Honestly, once the cameras start rolling, the tension in my shoulders actually melts. It’s not even weird. I spend six nights a week submerged in Orphic’s neon pulse. My brain is practically hard-wired for this. The scent of dry ice and floor wax is my natural habitat.
I’m dressed in black-on-black-on-black. A tailored silk shirt with the top three buttons abandoned, pressed trousers and a sharp coat. Even the cologne they spritzed on me is part of the branding, something heavy and woody, as if the production team thinks the viewers will be able to smell the cedar through their screens.
The only thing missing is the actual vibration. There’s a "DJ" on the riser, his hands moving over a silent deck. The extras are dancing to a beat that exists only in their own heads, their bodies swaying in a ghostly, synchronized rhythm. It’s jarring to see people "raging" in total silence. I catch myself wishing there was actual music...something, anything, to drown out the sound of my own head.

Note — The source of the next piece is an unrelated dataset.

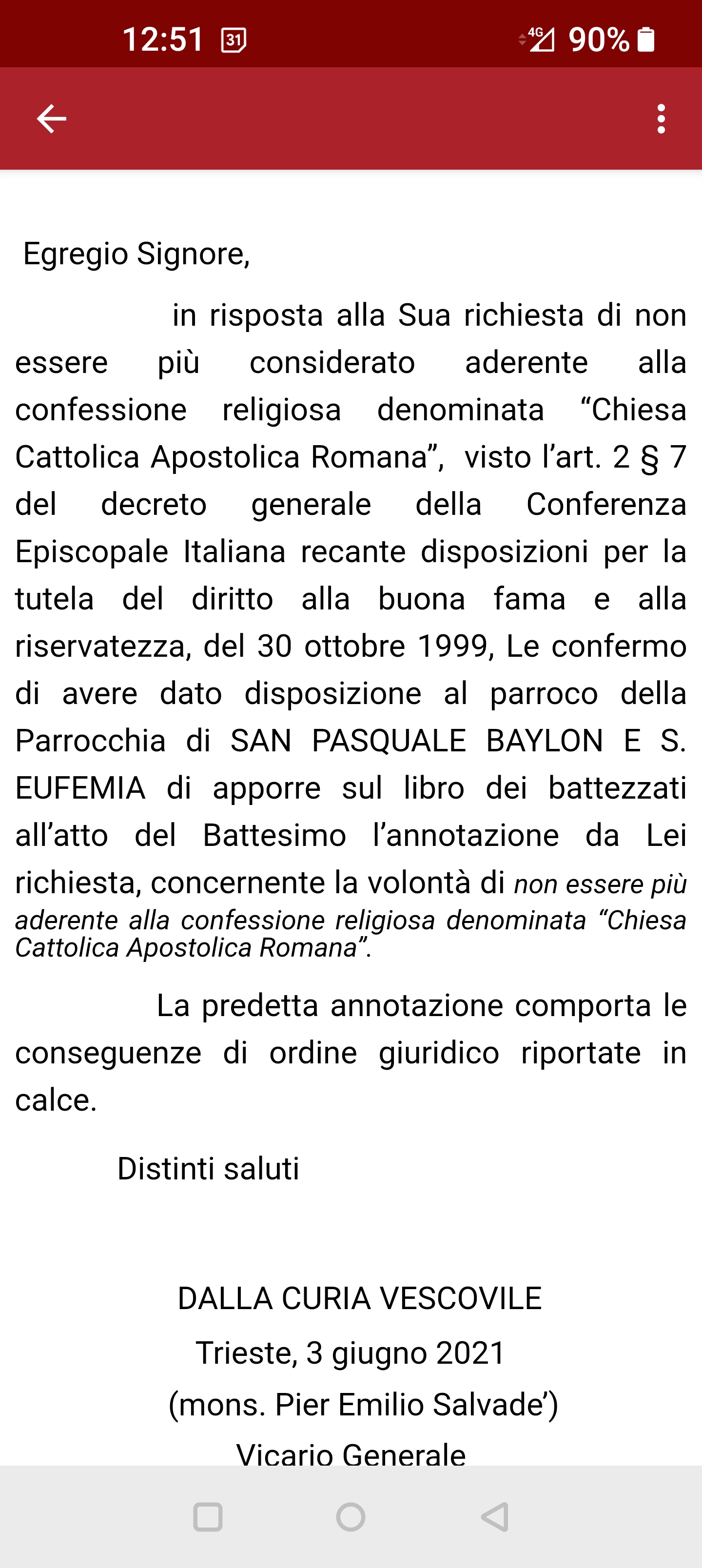 Una persona ha chiesto la rettifica dei dati relativi al proprio battesimo avvenuto a S. Pasquale Baylon e S. Eufemia - TRIESTE (TS) il 03/06/2021, dichiarando di non voler più far parte della Chiesa Cattolica.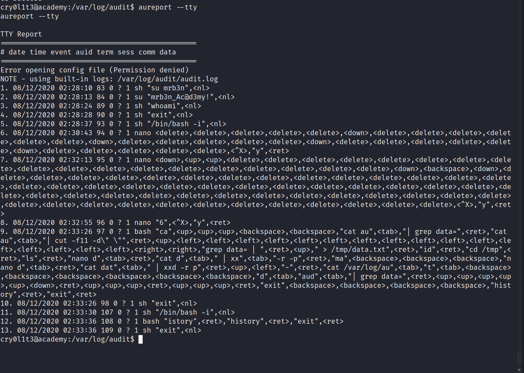Another bit of interesting. Audit Logging is enabled. Let's check the main Audit log, using aureport, and see if there are any other nuggets of info we can use.

"And... action!" Miller’s voice cuts through the quiet.
I take my position. The lens is pinned on me, tracking my movement as I cut through the crowd with a calculated, predatory grace. I weave through the dancing extras, my gaze fixed and unbothered, until I reach the bar. The bartender slides a heavy crystal glass toward me...no ice, just two fingers of Umbra. Instead of the cliché move of knocking it back, I do exactly what we rehearsed.
I don't even pick up the glass. I lean in, resting my forearms on the cool marble of the bar, and just catch the rim with my thumb. I slide the glass an inch toward me as I look directly into the camera lens. It’s a silent hook. It’s supposed to say the drink isn't the only prize, the person holding it is as well.

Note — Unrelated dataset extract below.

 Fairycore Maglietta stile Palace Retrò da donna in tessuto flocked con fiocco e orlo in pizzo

I hold the gaze, feeling the weight of the lights and the silent, pulsing crowd behind me. I’m locked in. I’m the perfect product.
But as I hold the pose, waiting for the "cut," I catch a movement in the shadows over by the VIP booths. A silhouette that’s too still, too anchored, to be an extra. My focus wavers for a split second. I know those shoulders. I know that specific brand of stillness.

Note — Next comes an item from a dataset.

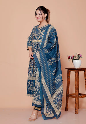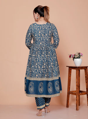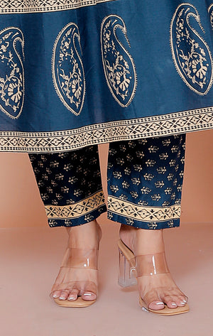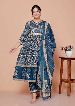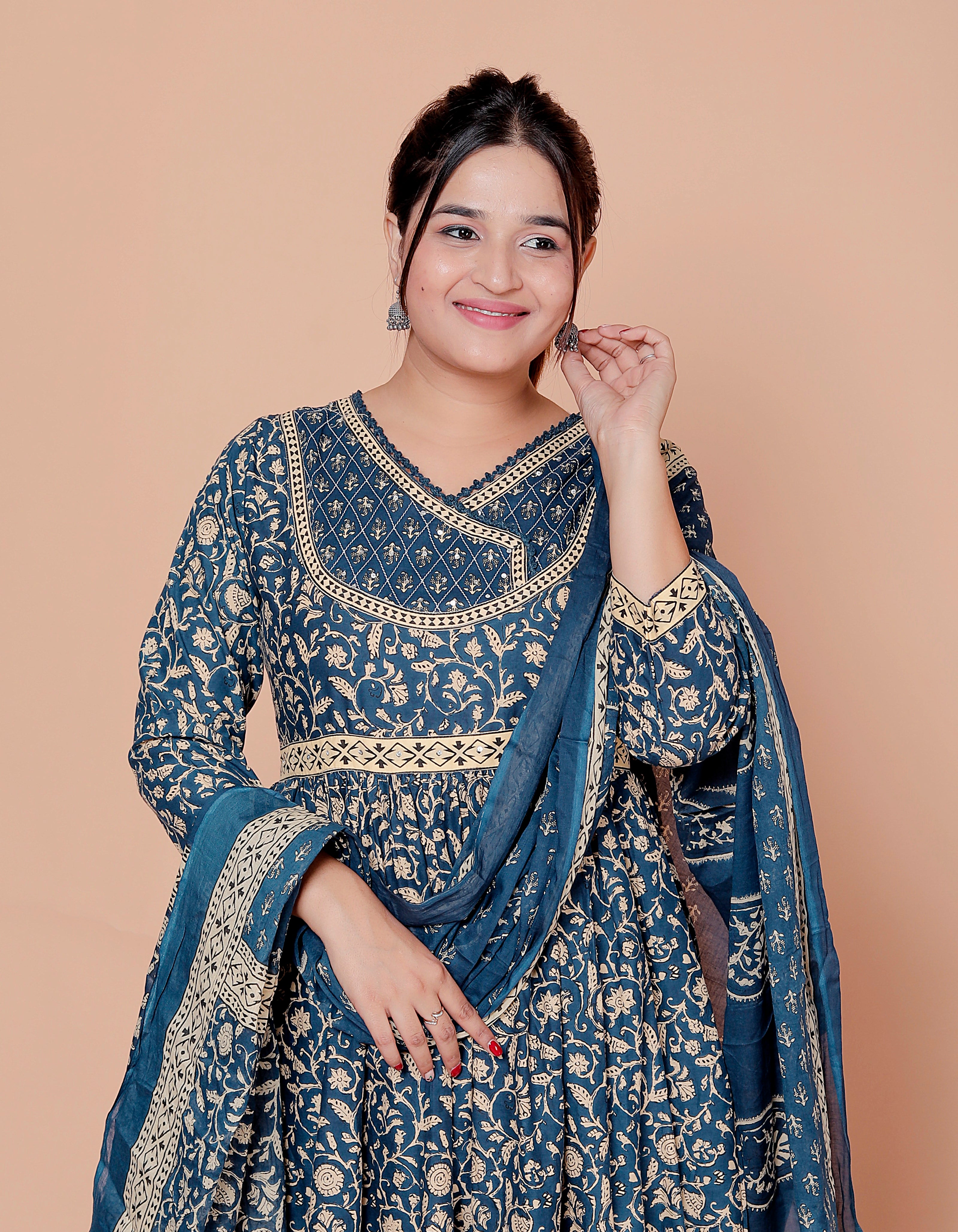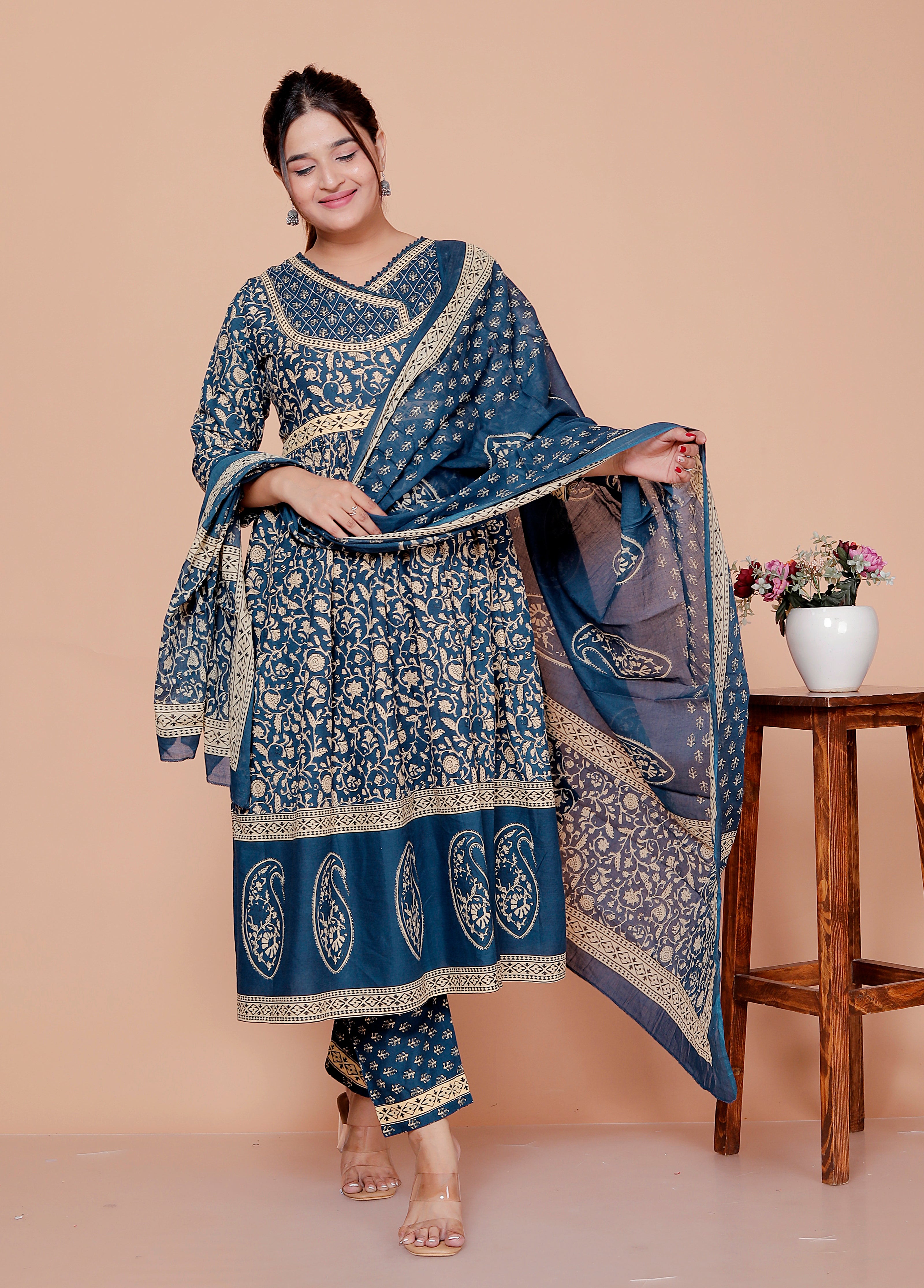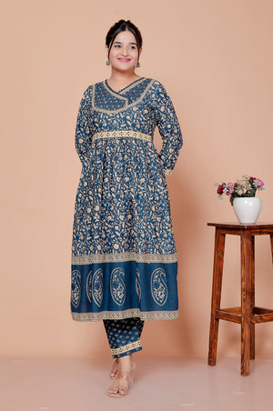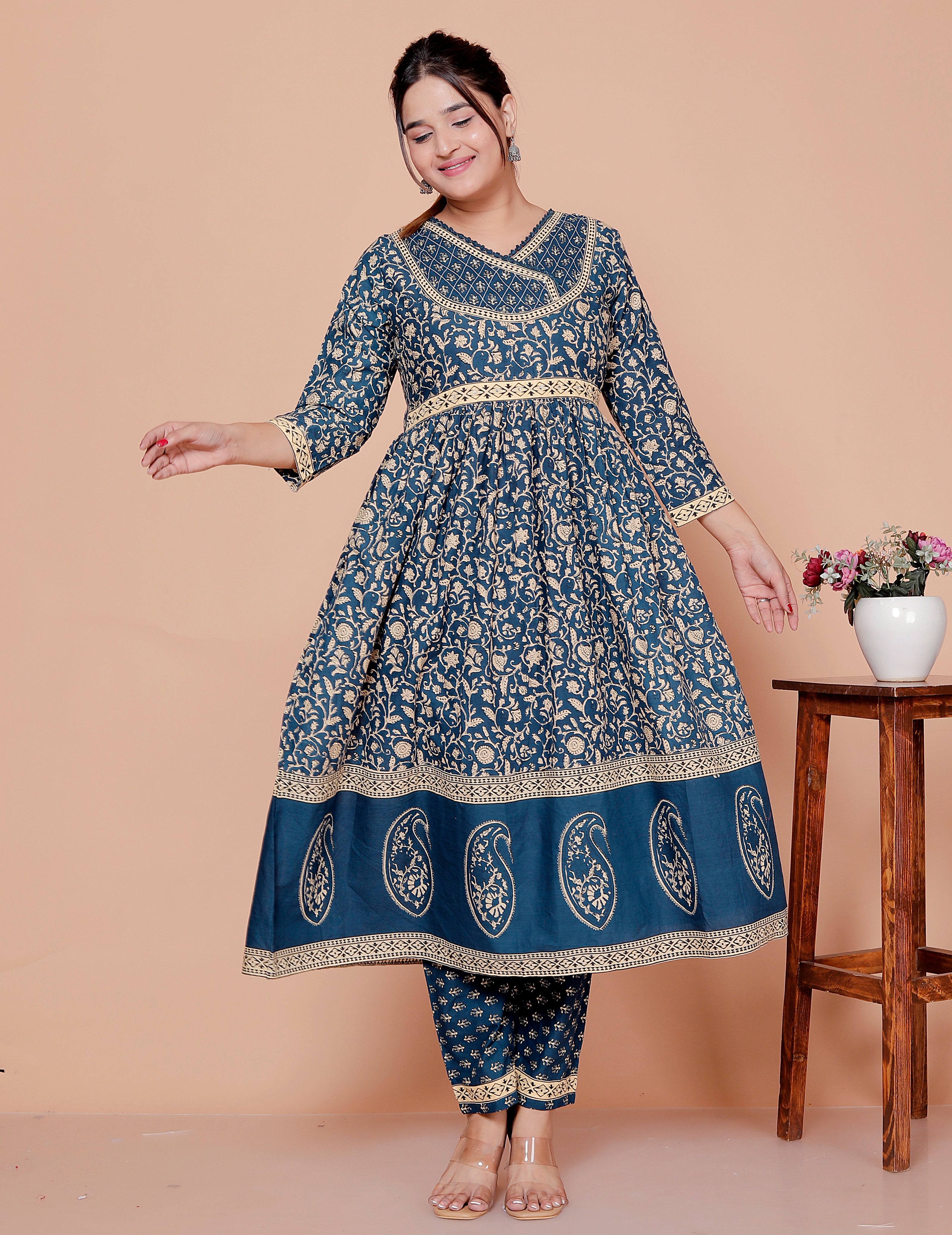 Zareen: Peacock Blue Royal Cotton Angrakha Style Anarkali Suit

The second I register him, my internal equilibrium just vanishes. It’s been four days. Ninety-six hours of me playing the "I don't give a damn" card, and one glimpse of him in the dark sends a spike of genuine panic through my chest. But right behind the panic is this other feeling, something warm and pathetic that I refuse to name because it feels way too much like relief.
Bastian eventually takes a seat in one of the deep velvet booths, melting back into the shadows. He doesn't move. He just sits there like a ghost. I’m fairly certain the rest of the crew, the normal people with actual functioning brains, haven't even realized he’s in the building. To them, he's just another shadow in a dark club. To me, he's the only thing in the room with a pulse.
I force myself to block him out. I have to. I go through the motions, hitting my marks and holding my gaze for the lens, but there’s this new layer of nerves under my skin. Knowing he’s watching changes the air. It makes every movement feel international, every tilt of my head feel like a dare.